- Start date: 1 December 2017
- End date: 30 November 2020
- Funder: NERC
- Value: £645,690
- Co-investigators: Prof Tim Baker
This proposal aims to make a step change in the precision and accuracy of our knowledge of the distribution of peatlands in the tropics, and to develop a capacity to predict and monitor future changes to the carbon storage function of these peatlands.
Tropical forest ecosystems are important for carbon storage. The densest 'carbon hotspots' occur where peat underlies the vegetation. Peat is an organic soil formed by the accumulation of plant litter, often over thousands of years, usually under waterlogged conditions which limit micro-organism activity and inhibit litter decomposition. Given that they store so much carbon per unit area, tropical peatlands should be priorities for conservation. Unfortunately, it is not currently known with certainty where peatlands occur. Even using satellite imagery, it is challenging to distinguish forest overlying peat from forest occurring on dry soil. Mapping peat deposits in the field by trial and error is impractical given the large areas of remote terrain involved. This proposal builds on an extensive record of research into tropical peatlands by the research team.
Our group has worked extensively in the Pastaza-Marañón Foreland Basin (PMFB) in Peruvian Amazonia. Here, in one of the highest-rainfall regions of Amazonia, the existence of extensive bodies of peat was only revealed by a publication in 2009. Since then, we have undertaken extensive fieldwork and laboratory analyses, and have developed an algorithm that uses remotely-sensed (satellite) data to predict the distribution of vegetation types associated with peat in the PMFB. On this basis we estimate that there is more than 35,000 square km of peat in the PMFB, making it by far the largest known peatland complex in Amazonia.
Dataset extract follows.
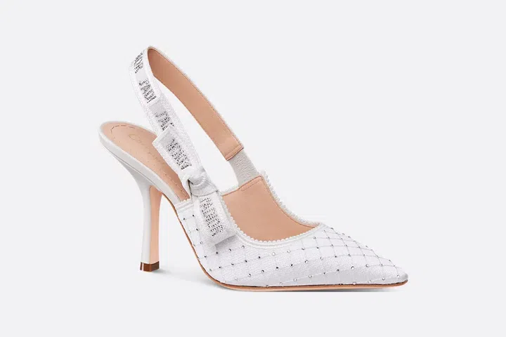 这款Dior J’Adior露跟高跟鞋是品牌典范之作,采用白色棉质刺绣面料匠心打造,饰以银色调仿水晶,彰显时尚魅力与艺术感。鞋身配有标志性的J’Adior仿水晶饰带与蝴蝶结装饰,是兼具精致感与现代气息的理想晚宴之选。

Our results were used to build the science case for the first ever carbon-conservation project funded by the Green Climate Fund, a major, intergovernmental, UN- and UK-backed climate mitigation project. We now want to develop the science ba further to enable similar projects throughout the scheme.
Our first aim is to substantially develop and improve our current method for inferring the distributions of vegetation, peat and carbon from satellite data, by addressing fundamental gaps in our understanding of the controls on these distributions and by testing a set of technical improvements. We will then test how well our model works on floodplains in other parts of Amazonia. Ultimately we want to know how widespread peat is across the whole of Amazonia.
Our second aim is to develop, for the first time, the ability to predict and monitor future changes to tropical peatland carbon stocks. It is already possible to predict carbon accumulation patterns in northern peatlands from climatic and topographic data, and hence to predict how carbon accumulation may change under future climate scenarios (e.g. climatic drying), but a lack of basic data has prevented similar modelling from being attempted in the tropics.
Recent advances in fusing modelling and remotely-sensed data are also opening new possibilities for monitoring present-day changes to the carbon cycle. In order to achieve our second aim, we will study the pattern of peatland carbon storage through the last several thousand years, measure the rates at which litter is added to the peat and removed by decomposition today, and determine how these rates are affected by variations in hydrological regimes.
We will use this information to determine, using a process-based model of peat accumulation, the conditions required for peat to accumulate. By doing so we will be able to evaluate and refine two complementary, simpler process-based models of peat distribution and carbon cycling that are suited to prediction and monitoring on a pan-tropical scale.